[Listed entries — start]
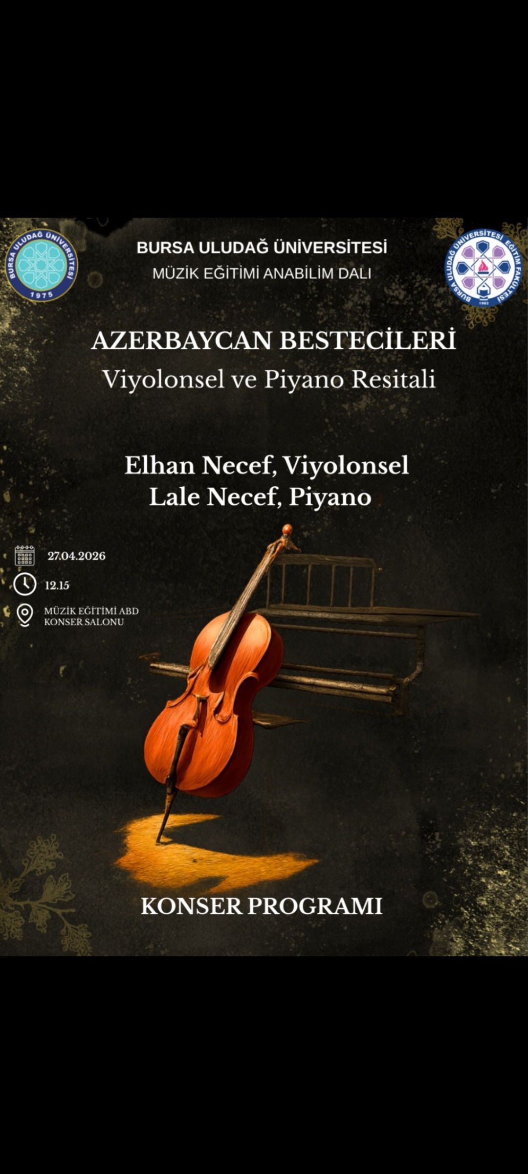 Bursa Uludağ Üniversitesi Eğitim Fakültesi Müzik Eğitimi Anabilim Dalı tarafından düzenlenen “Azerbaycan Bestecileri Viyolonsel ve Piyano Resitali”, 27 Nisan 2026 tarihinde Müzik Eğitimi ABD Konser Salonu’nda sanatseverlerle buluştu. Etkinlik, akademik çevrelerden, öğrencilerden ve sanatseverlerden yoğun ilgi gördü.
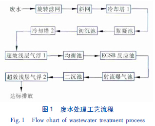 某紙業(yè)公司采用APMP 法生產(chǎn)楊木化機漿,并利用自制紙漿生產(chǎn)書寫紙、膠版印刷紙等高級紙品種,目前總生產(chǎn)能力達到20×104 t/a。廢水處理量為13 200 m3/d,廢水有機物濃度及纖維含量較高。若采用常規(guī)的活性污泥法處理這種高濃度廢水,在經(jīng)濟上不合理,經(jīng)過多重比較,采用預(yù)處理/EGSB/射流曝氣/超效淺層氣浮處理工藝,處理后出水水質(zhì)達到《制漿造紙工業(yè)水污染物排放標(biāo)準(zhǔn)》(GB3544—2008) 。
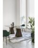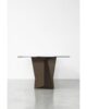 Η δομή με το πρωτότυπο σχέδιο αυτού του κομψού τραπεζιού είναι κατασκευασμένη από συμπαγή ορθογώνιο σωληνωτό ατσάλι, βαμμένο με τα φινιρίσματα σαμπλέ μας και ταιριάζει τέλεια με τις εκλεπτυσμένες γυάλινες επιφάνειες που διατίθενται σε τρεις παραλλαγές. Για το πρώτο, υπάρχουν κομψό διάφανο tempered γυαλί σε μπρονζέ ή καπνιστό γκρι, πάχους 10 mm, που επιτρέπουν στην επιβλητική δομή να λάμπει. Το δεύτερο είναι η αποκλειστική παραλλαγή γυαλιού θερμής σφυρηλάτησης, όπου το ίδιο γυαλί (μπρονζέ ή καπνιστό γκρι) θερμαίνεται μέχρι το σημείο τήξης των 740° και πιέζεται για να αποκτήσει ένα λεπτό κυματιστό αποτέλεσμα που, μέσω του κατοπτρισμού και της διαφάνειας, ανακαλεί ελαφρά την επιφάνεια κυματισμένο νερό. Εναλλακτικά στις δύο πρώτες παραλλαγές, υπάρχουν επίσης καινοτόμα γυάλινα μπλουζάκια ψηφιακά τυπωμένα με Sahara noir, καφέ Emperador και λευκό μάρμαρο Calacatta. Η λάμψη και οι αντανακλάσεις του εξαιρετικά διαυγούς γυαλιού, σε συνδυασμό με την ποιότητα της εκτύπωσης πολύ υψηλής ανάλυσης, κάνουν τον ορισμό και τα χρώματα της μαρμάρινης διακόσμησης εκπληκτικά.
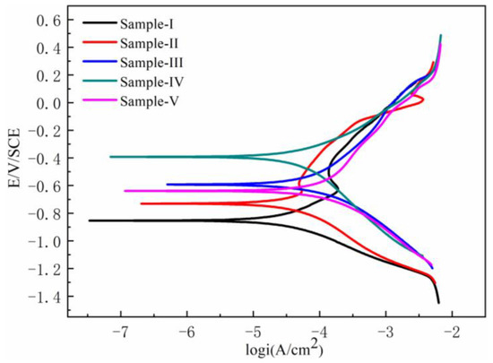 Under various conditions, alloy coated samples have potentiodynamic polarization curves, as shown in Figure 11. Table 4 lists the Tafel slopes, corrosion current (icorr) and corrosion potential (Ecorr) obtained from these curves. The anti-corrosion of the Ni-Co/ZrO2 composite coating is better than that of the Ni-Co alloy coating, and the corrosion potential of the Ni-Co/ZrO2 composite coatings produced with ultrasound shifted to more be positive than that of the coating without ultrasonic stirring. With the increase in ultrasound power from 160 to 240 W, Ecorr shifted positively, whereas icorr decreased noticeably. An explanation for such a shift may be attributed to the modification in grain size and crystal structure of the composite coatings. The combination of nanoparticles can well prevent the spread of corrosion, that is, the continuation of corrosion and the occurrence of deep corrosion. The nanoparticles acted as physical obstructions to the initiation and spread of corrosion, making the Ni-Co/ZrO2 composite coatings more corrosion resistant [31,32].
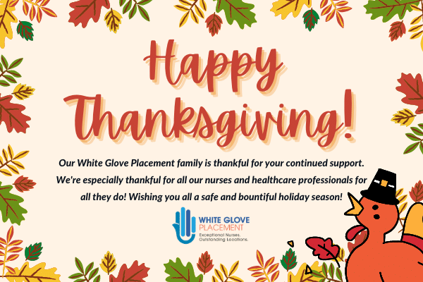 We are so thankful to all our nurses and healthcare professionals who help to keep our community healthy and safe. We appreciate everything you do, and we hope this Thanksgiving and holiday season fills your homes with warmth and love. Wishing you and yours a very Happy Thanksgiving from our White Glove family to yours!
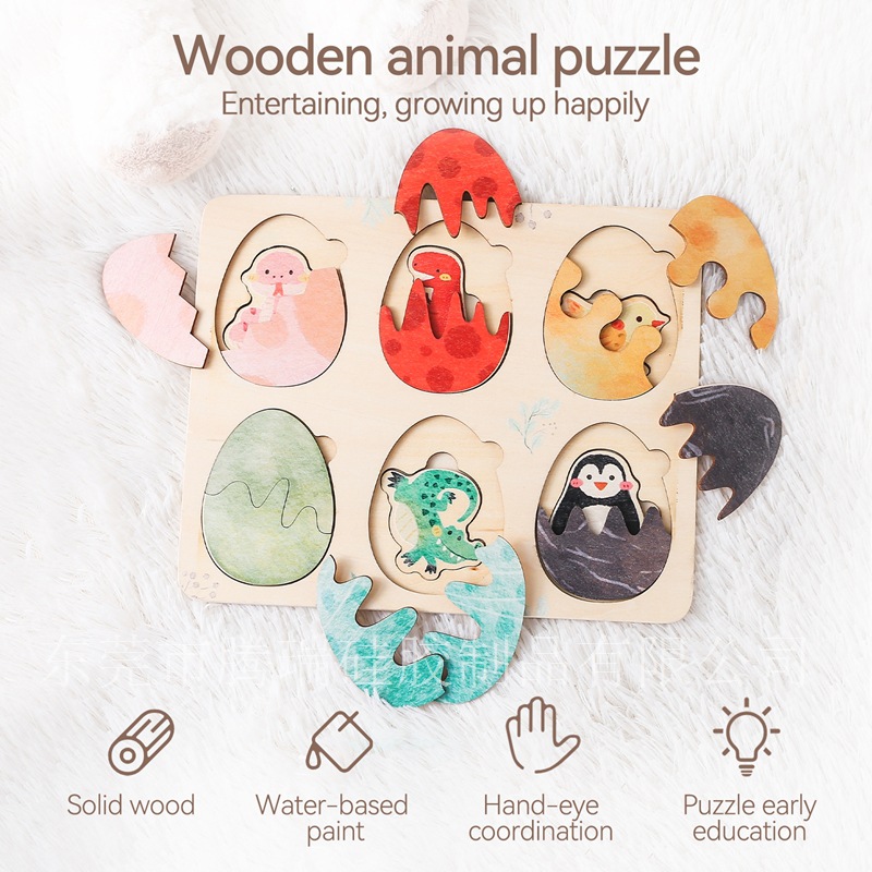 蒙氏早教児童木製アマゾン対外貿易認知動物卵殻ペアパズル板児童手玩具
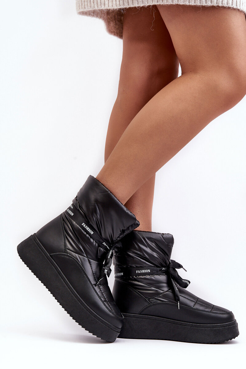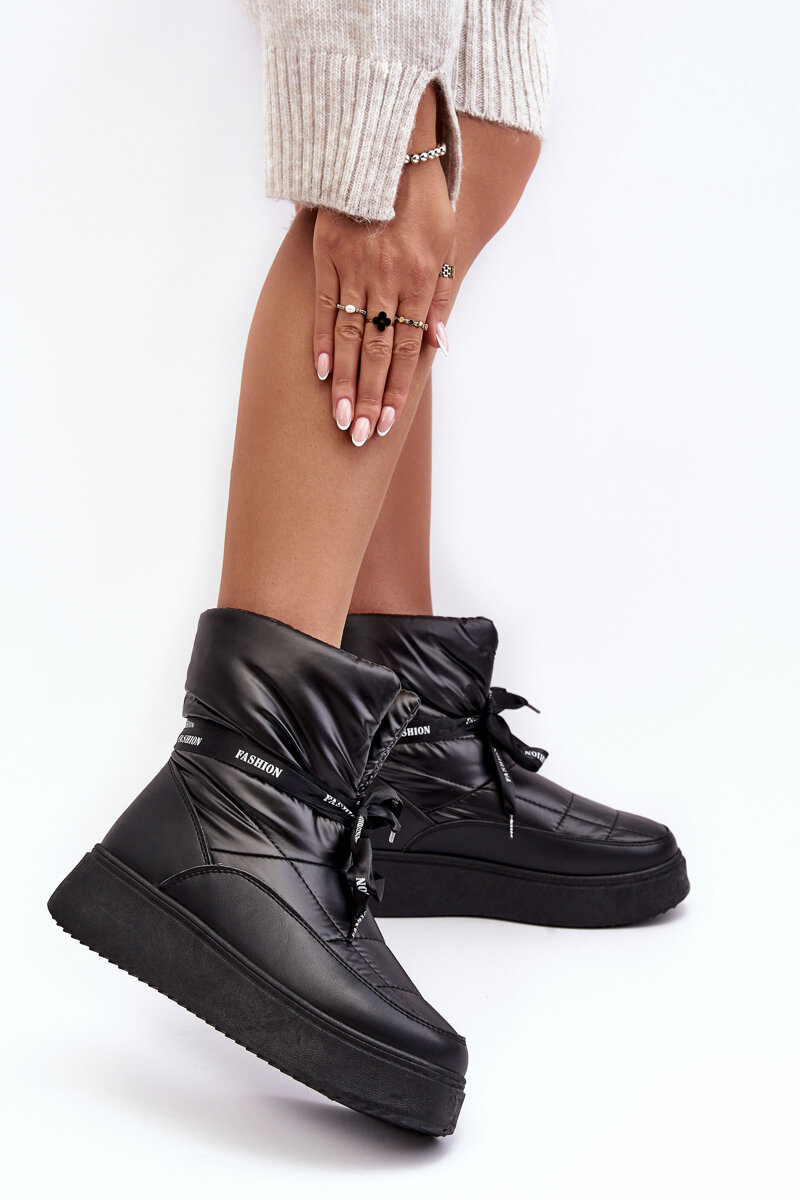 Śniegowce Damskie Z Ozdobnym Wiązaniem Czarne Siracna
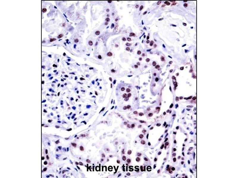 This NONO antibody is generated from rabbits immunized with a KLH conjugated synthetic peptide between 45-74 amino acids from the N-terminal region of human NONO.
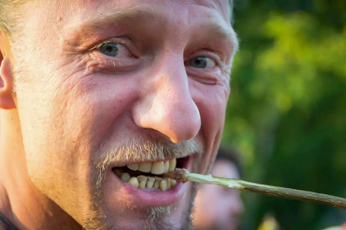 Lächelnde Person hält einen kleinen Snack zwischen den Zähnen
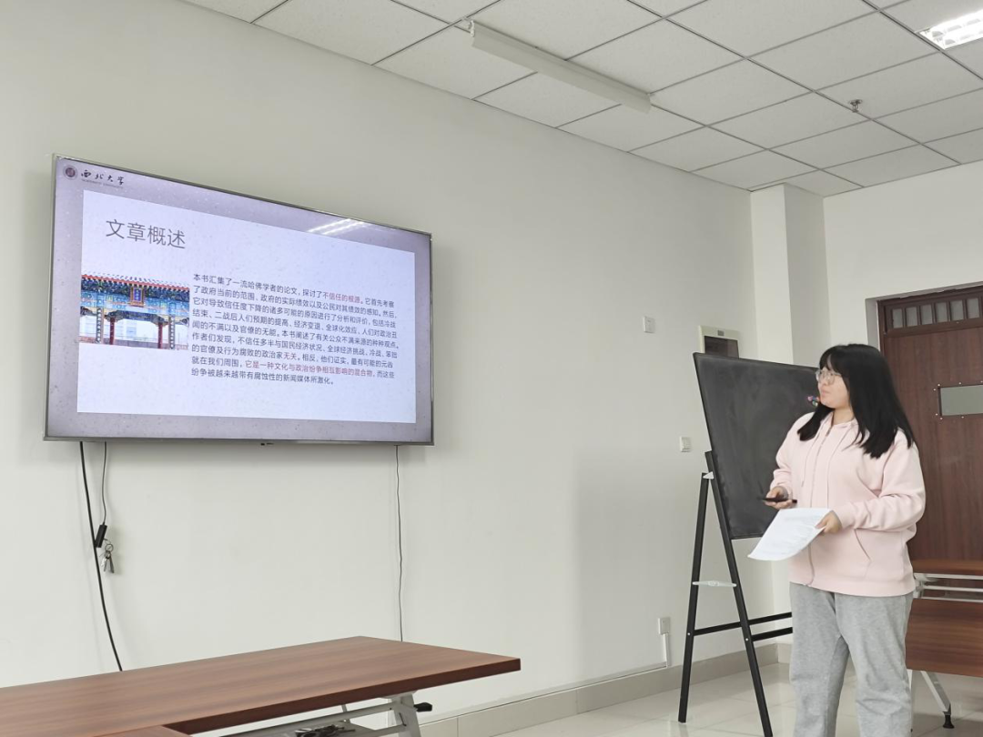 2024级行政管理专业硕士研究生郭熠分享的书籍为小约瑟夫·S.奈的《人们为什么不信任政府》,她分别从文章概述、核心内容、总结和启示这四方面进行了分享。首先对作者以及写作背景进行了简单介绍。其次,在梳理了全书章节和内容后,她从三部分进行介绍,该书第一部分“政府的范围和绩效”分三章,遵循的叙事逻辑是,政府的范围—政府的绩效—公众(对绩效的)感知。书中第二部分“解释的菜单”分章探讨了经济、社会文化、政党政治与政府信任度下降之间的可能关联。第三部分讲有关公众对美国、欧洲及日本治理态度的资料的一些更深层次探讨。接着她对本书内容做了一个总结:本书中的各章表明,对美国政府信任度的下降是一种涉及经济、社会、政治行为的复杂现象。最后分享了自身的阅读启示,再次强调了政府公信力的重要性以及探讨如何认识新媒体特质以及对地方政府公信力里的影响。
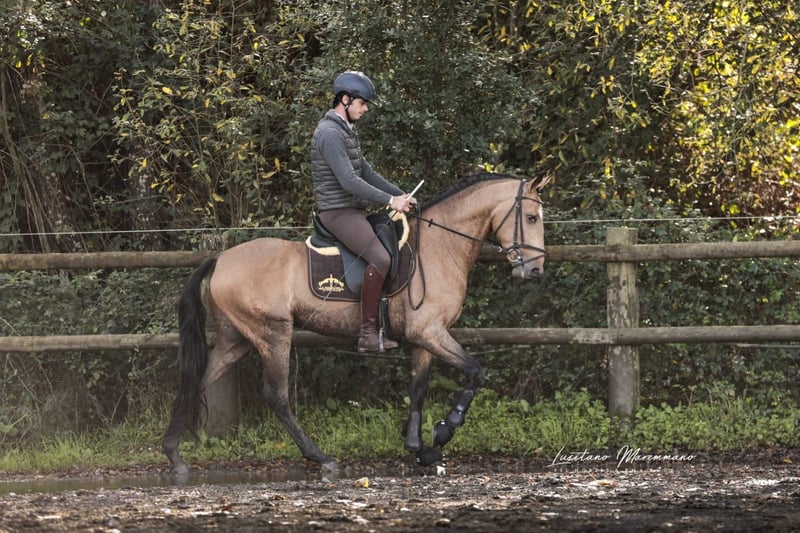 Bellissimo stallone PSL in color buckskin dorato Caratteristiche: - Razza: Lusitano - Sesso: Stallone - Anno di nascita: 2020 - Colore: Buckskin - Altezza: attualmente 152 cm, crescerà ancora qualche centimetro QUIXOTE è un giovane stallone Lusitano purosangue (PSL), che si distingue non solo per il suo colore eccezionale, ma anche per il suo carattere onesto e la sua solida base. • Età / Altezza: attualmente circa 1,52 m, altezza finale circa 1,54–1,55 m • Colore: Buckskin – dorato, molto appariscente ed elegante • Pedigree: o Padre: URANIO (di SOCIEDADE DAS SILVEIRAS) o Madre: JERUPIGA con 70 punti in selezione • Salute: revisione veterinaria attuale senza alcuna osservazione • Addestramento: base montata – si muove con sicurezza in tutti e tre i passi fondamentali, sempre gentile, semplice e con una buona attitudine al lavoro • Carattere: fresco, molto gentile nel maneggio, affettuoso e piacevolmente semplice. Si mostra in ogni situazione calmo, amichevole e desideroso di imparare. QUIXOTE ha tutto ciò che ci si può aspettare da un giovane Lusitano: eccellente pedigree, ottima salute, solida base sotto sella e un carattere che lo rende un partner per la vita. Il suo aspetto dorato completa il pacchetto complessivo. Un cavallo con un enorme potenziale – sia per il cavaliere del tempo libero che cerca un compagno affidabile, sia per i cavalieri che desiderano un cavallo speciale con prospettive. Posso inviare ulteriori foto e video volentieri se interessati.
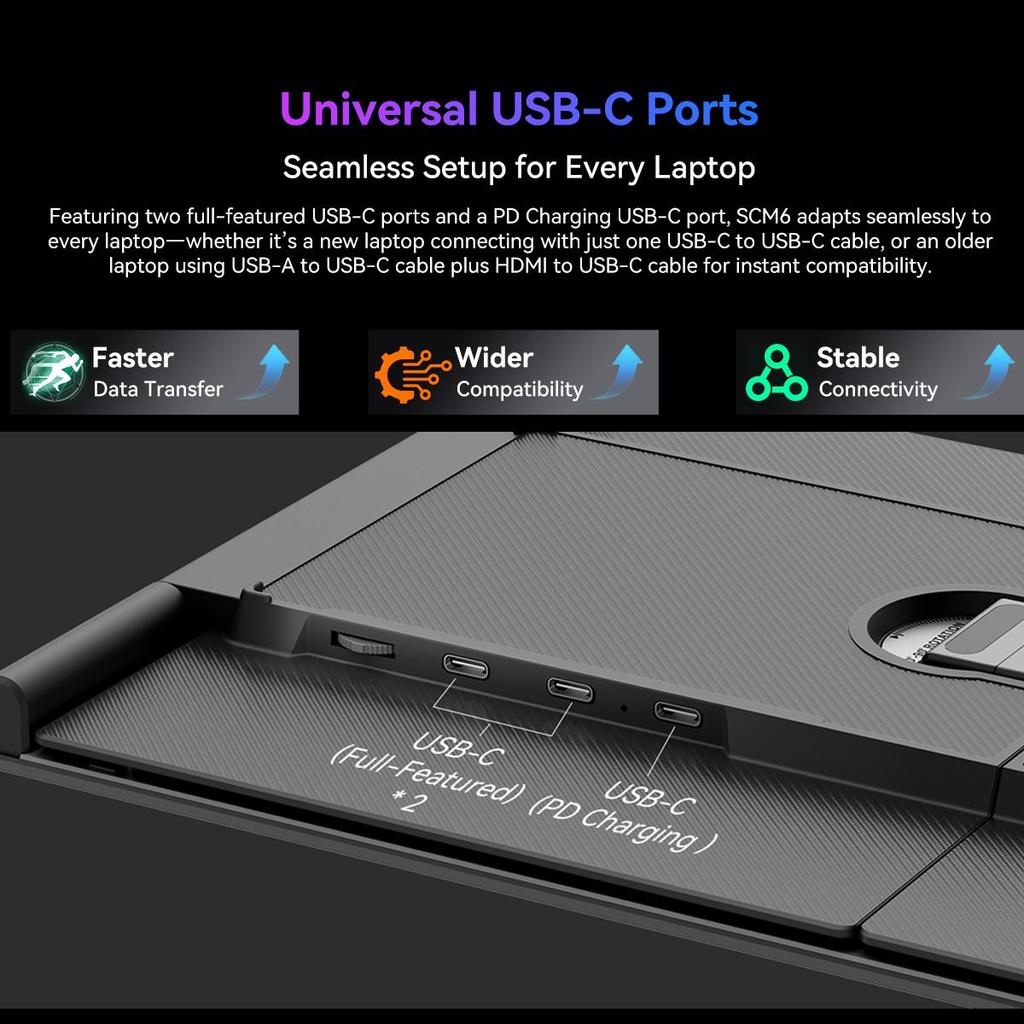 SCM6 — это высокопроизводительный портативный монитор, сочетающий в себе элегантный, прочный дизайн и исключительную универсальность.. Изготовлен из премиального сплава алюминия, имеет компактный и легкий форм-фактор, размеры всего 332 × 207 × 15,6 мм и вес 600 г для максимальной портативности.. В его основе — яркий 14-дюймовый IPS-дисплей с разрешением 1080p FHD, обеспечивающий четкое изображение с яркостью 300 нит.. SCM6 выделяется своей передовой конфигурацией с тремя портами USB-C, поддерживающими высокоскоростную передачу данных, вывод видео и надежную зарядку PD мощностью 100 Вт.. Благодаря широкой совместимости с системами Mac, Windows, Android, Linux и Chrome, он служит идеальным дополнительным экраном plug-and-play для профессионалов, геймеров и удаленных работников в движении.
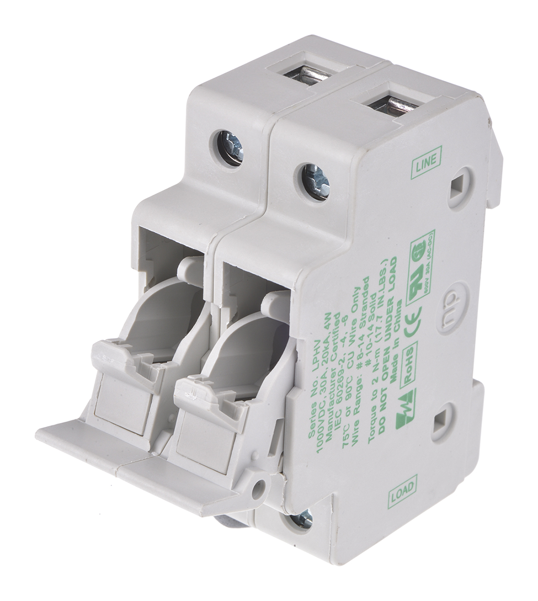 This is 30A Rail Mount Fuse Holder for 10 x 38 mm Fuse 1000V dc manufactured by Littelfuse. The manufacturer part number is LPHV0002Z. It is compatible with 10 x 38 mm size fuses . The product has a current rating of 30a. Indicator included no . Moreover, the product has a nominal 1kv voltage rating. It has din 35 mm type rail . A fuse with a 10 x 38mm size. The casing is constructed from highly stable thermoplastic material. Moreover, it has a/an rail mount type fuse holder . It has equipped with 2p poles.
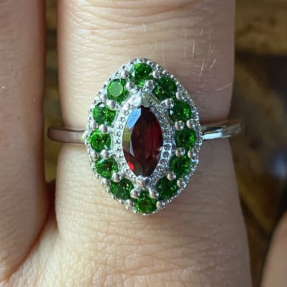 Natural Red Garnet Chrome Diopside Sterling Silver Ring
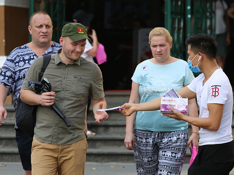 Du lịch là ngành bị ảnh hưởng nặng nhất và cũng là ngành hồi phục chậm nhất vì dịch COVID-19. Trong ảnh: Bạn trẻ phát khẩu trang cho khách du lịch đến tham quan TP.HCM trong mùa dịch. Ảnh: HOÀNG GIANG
[Listed entries — finish]
◆ Work task: Print nothing but the lines above starting with the line that contains "Under various conditions, alloy" and going on through the line that contains "2024级行政管理专业硕士研". Leave out the pictures.

◆ Result:
 Under various conditions, alloy coated samples have potentiodynamic polarization curves, as shown in Figure 11. Table 4 lists the Tafel slopes, corrosion current (icorr) and corrosion potential (Ecorr) obtained from these curves. The anti-corrosion of the Ni-Co/ZrO2 composite coating is better than that of the Ni-Co alloy coating, and the corrosion potential of the Ni-Co/ZrO2 composite coatings produced with ultrasound shifted to more be positive than that of the coating without ultrasonic stirring. With the increase in ultrasound power from 160 to 240 W, Ecorr shifted positively, whereas icorr decreased noticeably. An explanation for such a shift may be attributed to the modification in grain size and crystal structure of the composite coatings. The combination of nanoparticles can well prevent the spread of corrosion, that is, the continuation of corrosion and the occurrence of deep corrosion. The nanoparticles acted as physical obstructions to the initiation and spread of corrosion, making the Ni-Co/ZrO2 composite coatings more corrosion resistant [31,32].
 We are so thankful to all our nurses and healthcare professionals who help to keep our community healthy and safe. We appreciate everything you do, and we hope this Thanksgiving and holiday season fills your homes with warmth and love. Wishing you and yours a very Happy Thanksgiving from our White Glove family to yours!
 蒙氏早教児童木製アマゾン対外貿易認知動物卵殻ペアパズル板児童手玩具
 Śniegowce Damskie Z Ozdobnym Wiązaniem Czarne Siracna
 This NONO antibody is generated from rabbits immunized with a KLH conjugated synthetic peptide between 45-74 amino acids from the N-terminal region of human NONO.
 Lächelnde Person hält einen kleinen Snack zwischen den Zähnen
 2024级行政管理专业硕士研究生郭熠分享的书籍为小约瑟夫·S.奈的《人们为什么不信任政府》,她分别从文章概述、核心内容、总结和启示这四方面进行了分享。首先对作者以及写作背景进行了简单介绍。其次,在梳理了全书章节和内容后,她从三部分进行介绍,该书第一部分“政府的范围和绩效”分三章,遵循的叙事逻辑是,政府的范围—政府的绩效—公众(对绩效的)感知。书中第二部分“解释的菜单”分章探讨了经济、社会文化、政党政治与政府信任度下降之间的可能关联。第三部分讲有关公众对美国、欧洲及日本治理态度的资料的一些更深层次探讨。接着她对本书内容做了一个总结:本书中的各章表明,对美国政府信任度的下降是一种涉及经济、社会、政治行为的复杂现象。最后分享了自身的阅读启示,再次强调了政府公信力的重要性以及探讨如何认识新媒体特质以及对地方政府公信力里的影响。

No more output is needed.